## To do
Under this line are the records; repeat exactly the lines starting at the one containing "비동기 복제는 MySQL의" and ending at the one containing "Brief per Einschreiben", omitting pictures.

[Stored data]
* * *

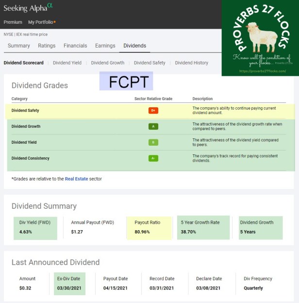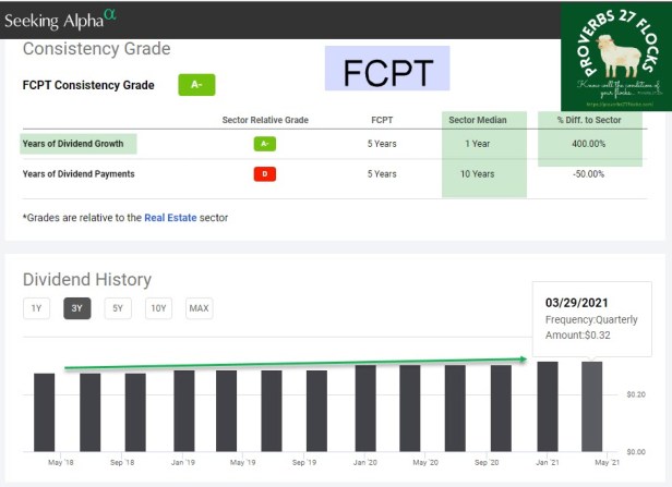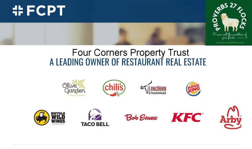 Cindie and I own 150 shares of FCPT as a long-term investment. This is one of our smaller holdings.
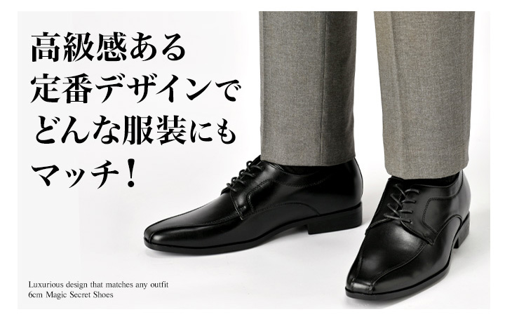 スーツ姿がきまらない時にも、スタイルアップでスラっとした姿に仕上げてくれる、魔法のシークレットシューズです。
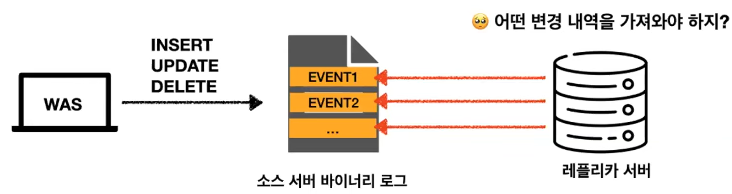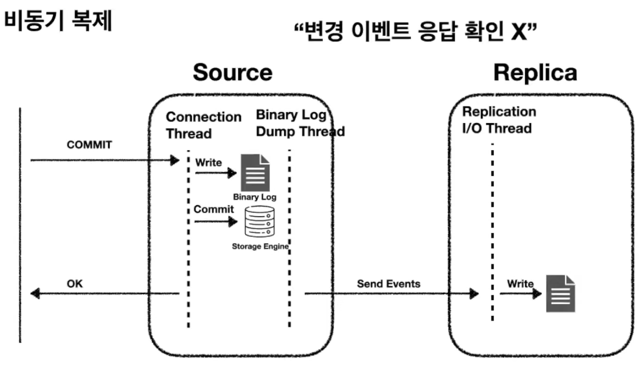 비동기 복제는 MySQL의 기본적 동작 방식으로 소스 서버가 자신과 복제 연결된 리플리카 서버에서 변경 이벤트가 정상적으로 전달되어 적용되었는지를 확인하지 않는 방식이다.
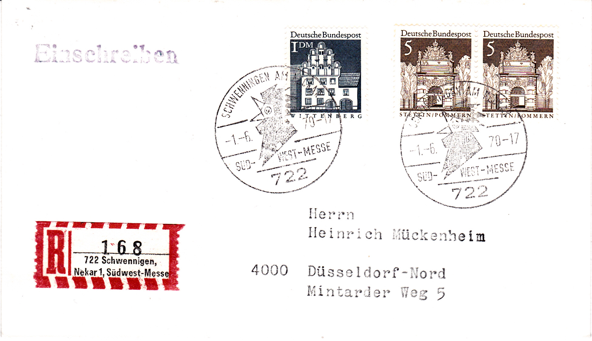 Brief per Einschreiben von Schwenningen am Neckar nach Düsseldorf mit einem Sonder-R-Zettel " 722 Schwenningen, Neckar 1, Südwest-Messe" und dem dazu gehörenden Sonderstempel vom 1.6.1979 zur Südwest-Messe in Schwenningen.
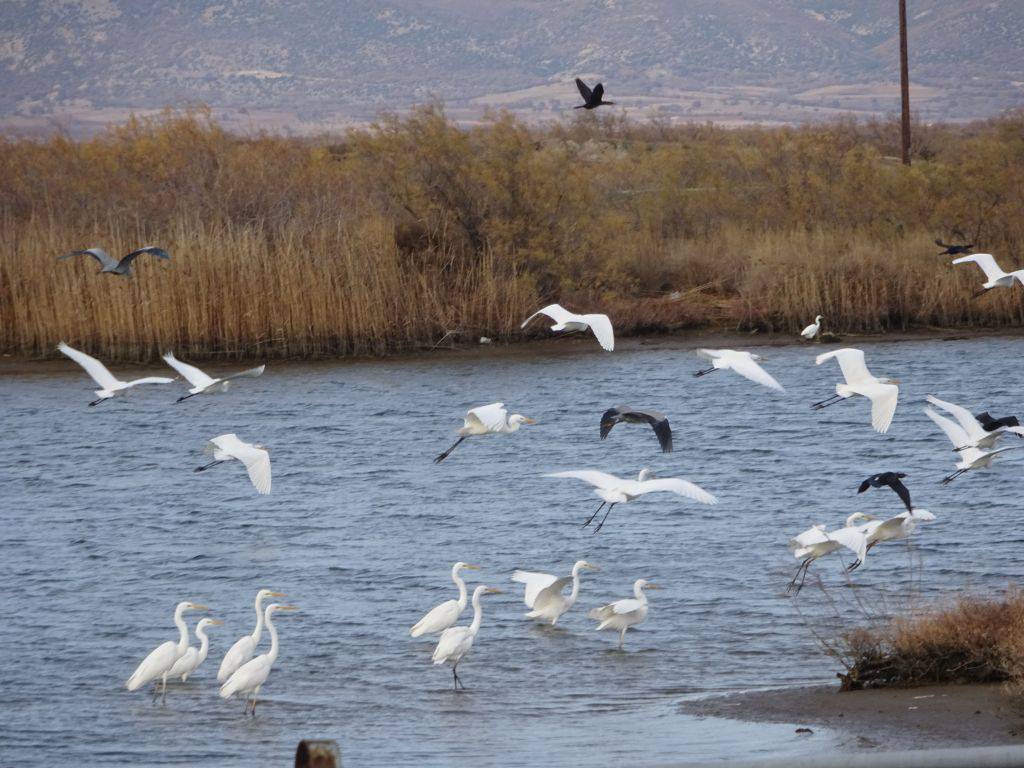 Άνοιξη και μετά από μια περίοδο βροχών, πλημμυρών και χιονόπτωσης, η φύση επιβάλλεται με τα δικά της χρώματα γαληνεύοντας το τοπίο. Είναι αυτή η μοναδική ομορφιά από τα ανθισμένα γιαλγκίνια όπως λένε τα αλμυρίκια οι ντόπιοι, σε έντονες ροζ, σε πιο παλ ή λευκές αποχρώσεις δημιουργώντας φυσικά λουλουδένια τείχη στις όχθες της. Είναι τα παρυδάτια καλάμια που αναγεννιούνται σε έντονο χρώμα και όπως θα πουν οι άνθρωποι που γνωρίζουν την περιοχή, αυξάνονται και πληθύνονται κατακυριεύοντας σημαντικό μέρος της έκτασής της .

* * *

## Exercise solution
 비동기 복제는 MySQL의 기본적 동작 방식으로 소스 서버가 자신과 복제 연결된 리플리카 서버에서 변경 이벤트가 정상적으로 전달되어 적용되었는지를 확인하지 않는 방식이다.
 Brief per Einschreiben von Schwenningen am Neckar nach Düsseldorf mit einem Sonder-R-Zettel " 722 Schwenningen, Neckar 1, Südwest-Messe" und dem dazu gehörenden Sonderstempel vom 1.6.1979 zur Südwest-Messe in Schwenningen.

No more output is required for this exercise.